Task details:
The reader should set down exactly the lines from the one containing "Vintage image of" through the last line of the material, omitting every picture.

Given records:
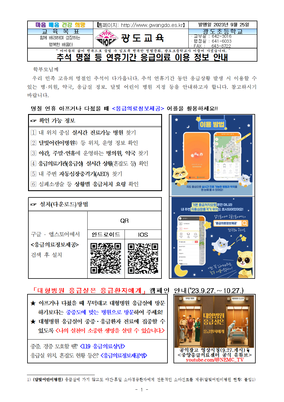 추석 명절 등 연휴 기간 응급 의료 정보 이용 안내
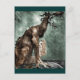 Vintage image of a mermaid on the rocks hugging a tall scaly dragon. Colourized in browns and turquoise. Artwork by Swedish artist John Bauer.
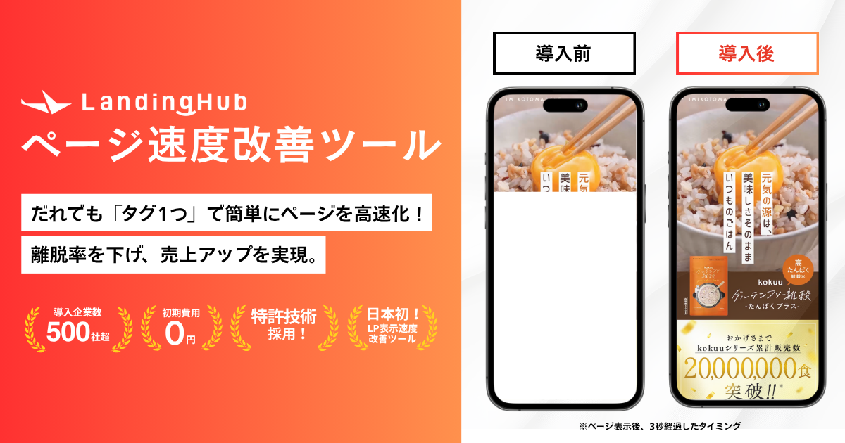 LandingHubはタグを1行追加するだけで、画像・動画を自動圧縮、次世代フォーマット(WebP/AVIF等)への自動変換、CDN最適化と負荷分散など、導入初日からページの読み込み速度を高速化し、直帰率の低下・CVR向上・SEO効果・サーバーコスト削減のサポートを同時に実現いたします。
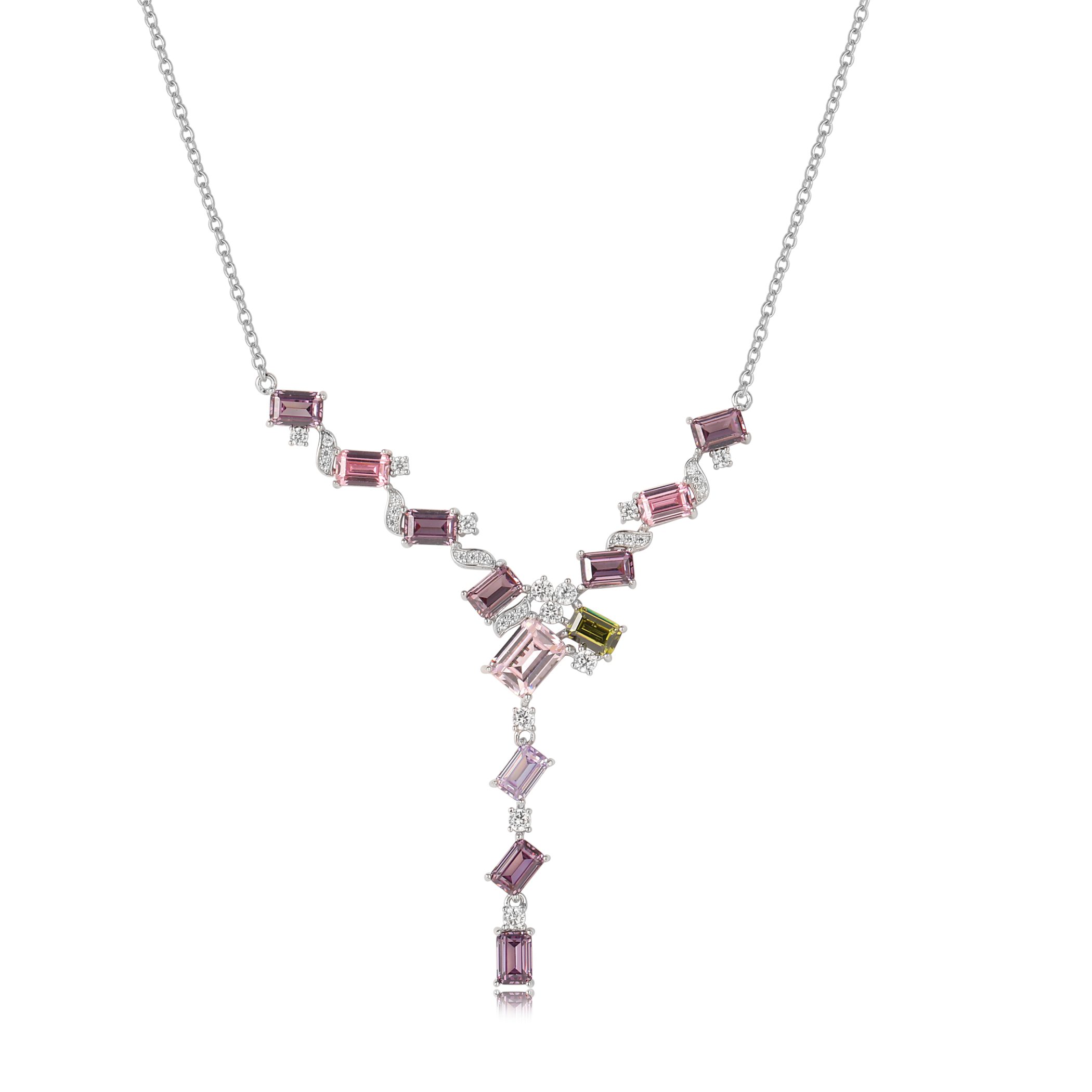 שרשרת אבני נופלות משובצת באבני זירקון גימור עבודת יד זהב טהור טבול בזהב צהוב.
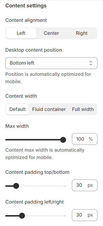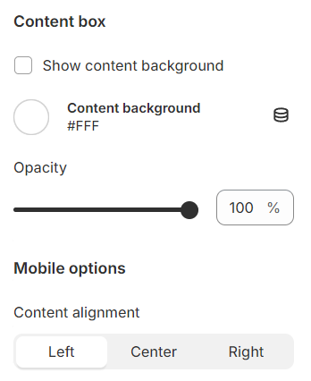 Show content below image: Enable this option to display content, such as headings or descriptions, below the image on mobile devices for a more compact and organized layout.
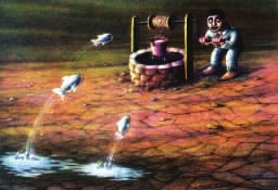 干旱殃及鱼池,奄奄一息的鱼儿,从人们汲水看到了一线生机,它们认为挣扎一路就会获得新生。假如井水干了呢?
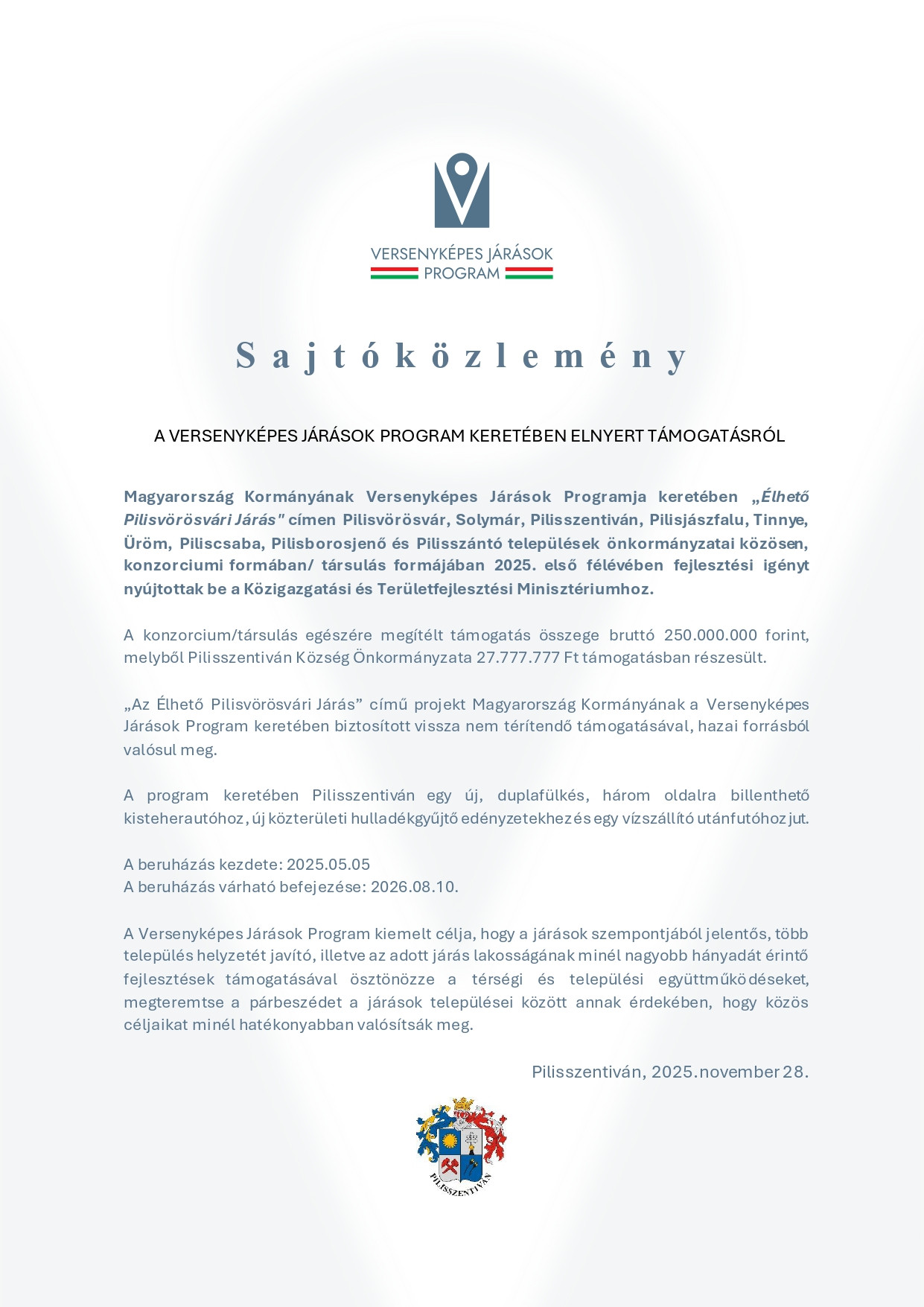 Sajtóközlemény a Versenyképes Járások Program I. felhívásának megvalósításával kapcsolatban Részletek > > >

Solved problem:
 Vintage image of a mermaid on the rocks hugging a tall scaly dragon. Colourized in browns and turquoise. Artwork by Swedish artist John Bauer.
 LandingHubはタグを1行追加するだけで、画像・動画を自動圧縮、次世代フォーマット(WebP/AVIF等)への自動変換、CDN最適化と負荷分散など、導入初日からページの読み込み速度を高速化し、直帰率の低下・CVR向上・SEO効果・サーバーコスト削減のサポートを同時に実現いたします。
 שרשרת אבני נופלות משובצת באבני זירקון גימור עבודת יד זהב טהור טבול בזהב צהוב.
 Show content below image: Enable this option to display content, such as headings or descriptions, below the image on mobile devices for a more compact and organized layout.
 干旱殃及鱼池,奄奄一息的鱼儿,从人们汲水看到了一线生机,它们认为挣扎一路就会获得新生。假如井水干了呢?
 Sajtóközlemény a Versenyképes Járások Program I. felhívásának megvalósításával kapcsolatban Részletek > > >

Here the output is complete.